**THE TASK:** Return only the stretch of the material below that begins with the line containing "A sport similar" and ends with the line containing "x A4 capacity", exactly; both of those lines belong to it.

**GIVEN INFORMATION:**

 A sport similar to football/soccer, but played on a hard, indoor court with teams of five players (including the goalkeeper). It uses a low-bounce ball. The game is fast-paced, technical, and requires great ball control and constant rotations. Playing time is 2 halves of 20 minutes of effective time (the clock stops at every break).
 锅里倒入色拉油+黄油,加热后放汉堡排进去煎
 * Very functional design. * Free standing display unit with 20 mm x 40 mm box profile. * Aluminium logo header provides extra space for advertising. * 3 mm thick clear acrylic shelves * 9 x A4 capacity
* * *
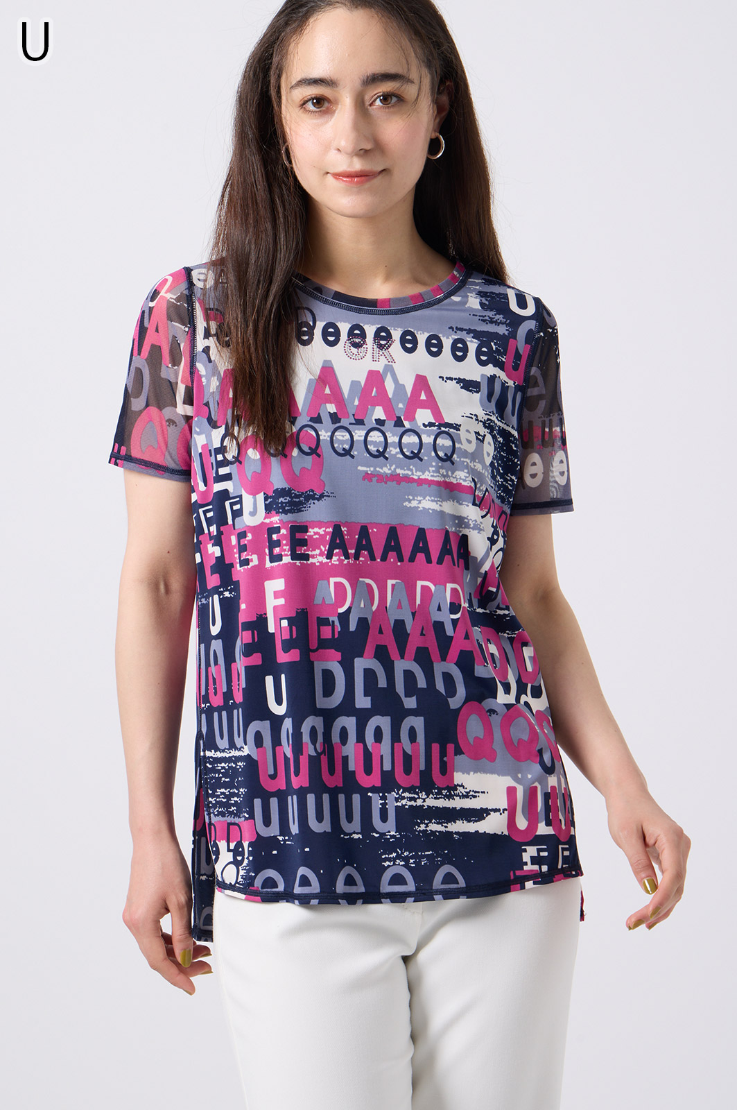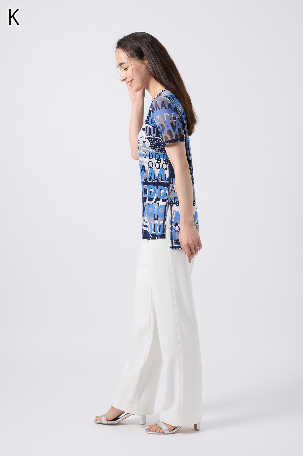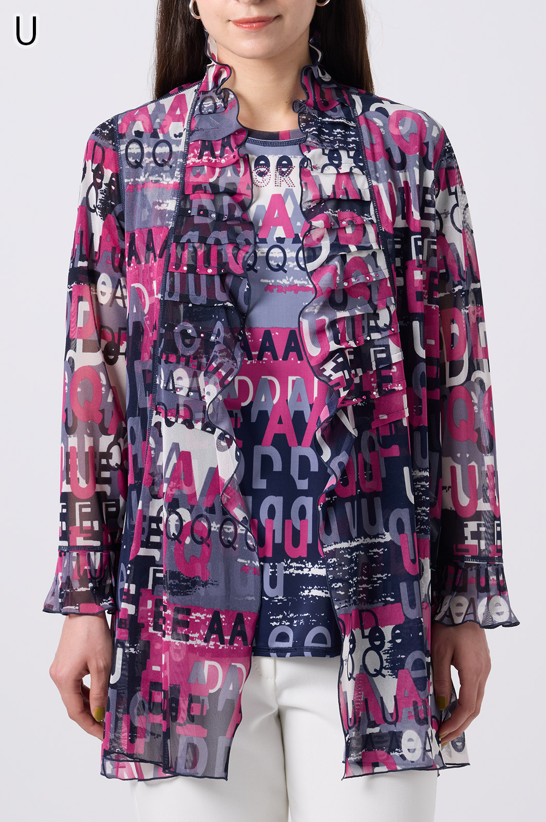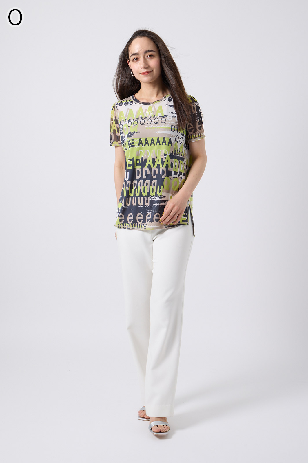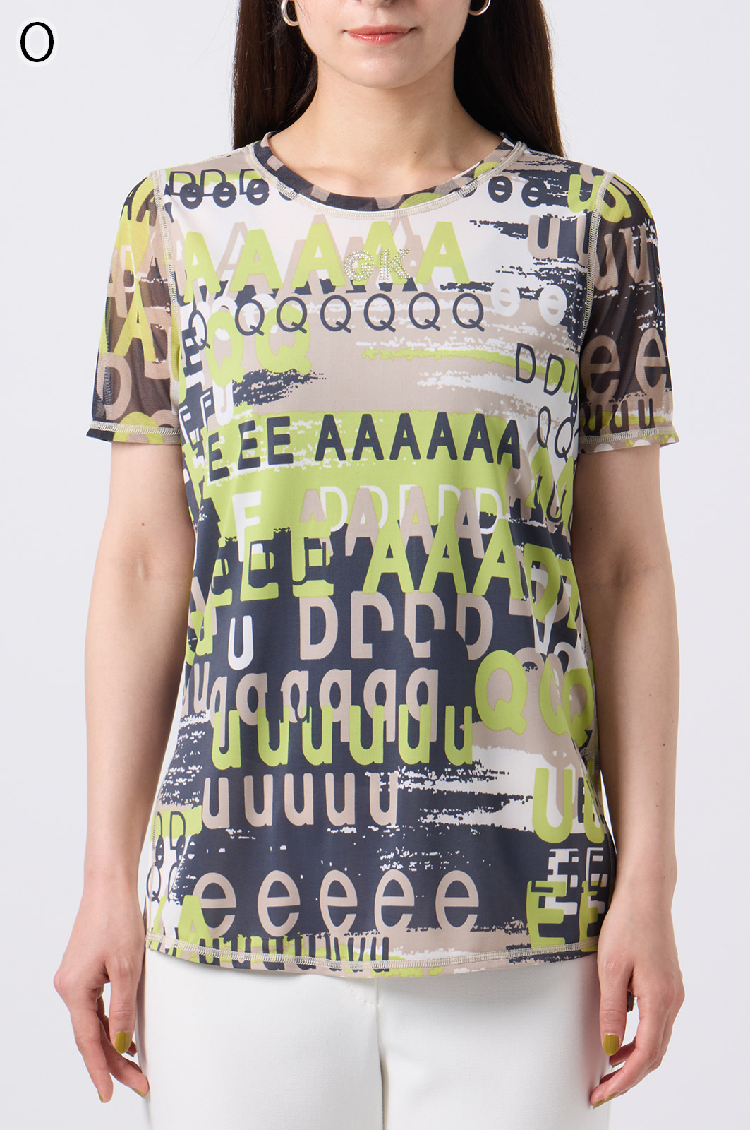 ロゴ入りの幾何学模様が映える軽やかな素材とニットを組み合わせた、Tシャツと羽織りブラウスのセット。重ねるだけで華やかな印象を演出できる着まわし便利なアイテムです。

**SOLUTION TO THE PROBLEM:**
 A sport similar to football/soccer, but played on a hard, indoor court with teams of five players (including the goalkeeper). It uses a low-bounce ball. The game is fast-paced, technical, and requires great ball control and constant rotations. Playing time is 2 halves of 20 minutes of effective time (the clock stops at every break).
 锅里倒入色拉油+黄油,加热后放汉堡排进去煎
 * Very functional design. * Free standing display unit with 20 mm x 40 mm box profile. * Aluminium logo header provides extra space for advertising. * 3 mm thick clear acrylic shelves * 9 x A4 capacity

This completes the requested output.